The point is, only a few years ago, fashion media was a closed shop. There was really only one way in and that was from the fashion cupboard up. Or possibly from the newsroom sideways. The game-changer happened with the arrival of Net-a-Porter, whose founder Natalie Massenet famously said, ‘I want it to look like Vogue’ and then set to, recruiting her editorial teams from the upper echelons of glossy medialand.

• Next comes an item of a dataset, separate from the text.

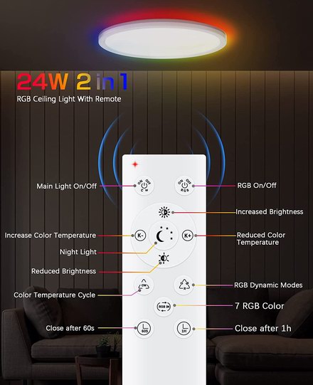 时尚圆形设计,厚度仅为2.8厘米,内置24瓦LED节能灯,同时搭载4瓦背光夜灯,采用高效LED灯珠,输出光线均匀温和不刺眼,亮度10-100%调节,具有3档色温,6种RGB动态变色模式,支持自定义单色RGB照明,营造轻松浪漫的氛围,适合客厅、卧室、浴室、厨房、走廊、楼梯、地下室和车库照明。
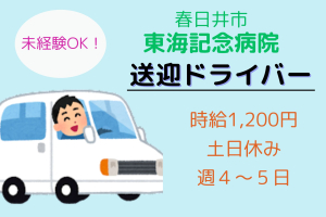 《春日井市/東海記念病院》年齢不問・普通免許でOK★未経験歓迎の通所リハ送迎ドライバー募集!短時間&土日休み♪

In 2012, there is a clear convergence of retail, etail and editorial, with every forward-thinking fashion store putting as much focus on its editorial offer as its merchandise. As traditional fashion editors get snapped up by retailers and etailers (Topshop, ASOS and My-Wardrobe have all enticed talent from Elle, Grazia and Vogue), a vacancy is created for fresh blood. And that can only be a good thing. The last few months have been monopolised by fashion designers jumping from one house to another, now it’s time for the magazines and stores to play ‘Who’s Going Where?’ Hearst recently bought Hachette, so there are surely more magazine changes in the pipeline. Watch this space closely…this is just the beginning.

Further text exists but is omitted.